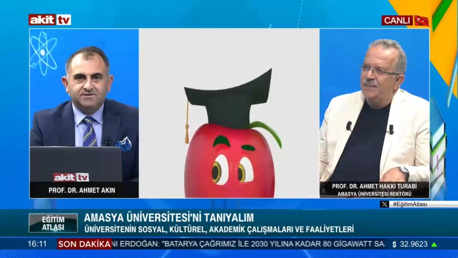 Program sunucusu Prof. Dr. Ahmet Akın’ın sorularını yanıtlayan Amasya Üniversitesi Rektörü Prof. Dr. Ahmet Hakkı Turabi, “Amasya Üniversitesi olarak, alanlarında deneyimli ve başarılı akademik kadrolara sahibiz. 800’e yakın akademik personelimiz ve 625 idari personelimiz ile öğrencilerimizin en nitelikli biçimde yetişmesi için büyük bir özveriyle çalışıyoruz. Öğrencilerimize sunduğumuz eğitimin kalitesinden, üniversitemizdeki araştırma olanaklarından, sunduğumuz sosyal imkanlardan, kütüphanelerimizden ve üniversitenin akademik kadrosundan eminiz. Öğrencilerimizin %30’una yemek bursu, %10’una kısmi zamanlı öğrenci bursu veriyoruz. Amasya Üniversitesi Ailesi mottosuyla yola çıkarak üniversitede bu aile sıcaklığını yaşatmaya çalışıyoruz. Bu açıdan her ayın ilk menüsünü öğrencilerimizin anket sonucuna göre belirliyoruz. Yükseköğretim Kurumundan tarafından verilen bayrak ödüllerinden 16 tane almayı başardık. Yerleşkelerimizde %90 oranında engelsiz erişim sağlamış olduk. Amasya’nın her yeri neredeyse yürüme mesafesindedir. Amasya’da KYK ve özel öğrenci yurtları yeterli düzeydedir. Tercih aşamasındaki adaylara gönüllerindeki üniversite ve meslekle buluşmaları temennisinde bulunuyorum. Amasya bir huzur ve güven şehridir. Gençlerimiz, Amasya Üniversitesi’ni gönül rahatlığı ile tercih edebilirler” dedi.
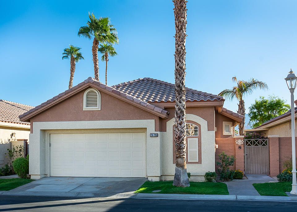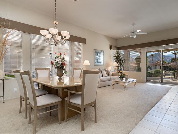Come home to your own personal oasis with amazing views in the desirable Oasis Country Club! Enter through a private courtyard to behold views of the golf course, lake and beautiful chocolate mountains. And two large private patios to enjoy those awesome views! The interior features a dine-in kitchen as well as a dedicated formal dining space open to the light and bright living room. With fans in every room, the primary bedroom has high ceilings, walk-in closet and a large attached bathroom with updated tile. The second bath has matching stylish tile for your guests staying in their private guest bedroom to enjoy. The office is good size to hold a murphy bed for even more entertaining space! All this and the Oasis amenities, an 18 hole putting course, 3 tennis and pickle ball courts, 18 pools/spas, and casual plus fine dining. Relax here within a 24 hour guard gated sweet community and access to the community owned golf club. This is truly an oasis that you can call home!
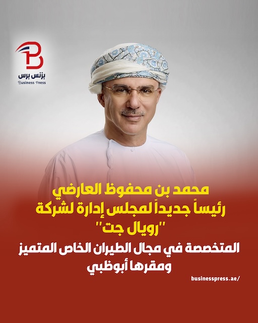 أعلنت شركة “رويال جت”، المتخصصة في مجال الطيران الخاص المتميز، ومقرها أبوظبي، عن تعيين محمد بن محفوظ العارضي رئيسًا جديدًا لمجلس إدارتها.

- Exercise details
Excluding every picture, set down the listing exactly.

- Response for this exercise
 Program sunucusu Prof. Dr. Ahmet Akın’ın sorularını yanıtlayan Amasya Üniversitesi Rektörü Prof. Dr. Ahmet Hakkı Turabi, “Amasya Üniversitesi olarak, alanlarında deneyimli ve başarılı akademik kadrolara sahibiz. 800’e yakın akademik personelimiz ve 625 idari personelimiz ile öğrencilerimizin en nitelikli biçimde yetişmesi için büyük bir özveriyle çalışıyoruz. Öğrencilerimize sunduğumuz eğitimin kalitesinden, üniversitemizdeki araştırma olanaklarından, sunduğumuz sosyal imkanlardan, kütüphanelerimizden ve üniversitenin akademik kadrosundan eminiz. Öğrencilerimizin %30’una yemek bursu, %10’una kısmi zamanlı öğrenci bursu veriyoruz. Amasya Üniversitesi Ailesi mottosuyla yola çıkarak üniversitede bu aile sıcaklığını yaşatmaya çalışıyoruz. Bu açıdan her ayın ilk menüsünü öğrencilerimizin anket sonucuna göre belirliyoruz. Yükseköğretim Kurumundan tarafından verilen bayrak ödüllerinden 16 tane almayı başardık. Yerleşkelerimizde %90 oranında engelsiz erişim sağlamış olduk. Amasya’nın her yeri neredeyse yürüme mesafesindedir. Amasya’da KYK ve özel öğrenci yurtları yeterli düzeydedir. Tercih aşamasındaki adaylara gönüllerindeki üniversite ve meslekle buluşmaları temennisinde bulunuyorum. Amasya bir huzur ve güven şehridir. Gençlerimiz, Amasya Üniversitesi’ni gönül rahatlığı ile tercih edebilirler” dedi.
Come home to your own personal oasis with amazing views in the desirable Oasis Country Club! Enter through a private courtyard to behold views of the golf course, lake and beautiful chocolate mountains. And two large private patios to enjoy those awesome views! The interior features a dine-in kitchen as well as a dedicated formal dining space open to the light and bright living room. With fans in every room, the primary bedroom has high ceilings, walk-in closet and a large attached bathroom with updated tile. The second bath has matching stylish tile for your guests staying in their private guest bedroom to enjoy. The office is good size to hold a murphy bed for even more entertaining space! All this and the Oasis amenities, an 18 hole putting course, 3 tennis and pickle ball courts, 18 pools/spas, and casual plus fine dining. Relax here within a 24 hour guard gated sweet community and access to the community owned golf club. This is truly an oasis that you can call home!
 أعلنت شركة “رويال جت”، المتخصصة في مجال الطيران الخاص المتميز، ومقرها أبوظبي، عن تعيين محمد بن محفوظ العارضي رئيسًا جديدًا لمجلس إدارتها.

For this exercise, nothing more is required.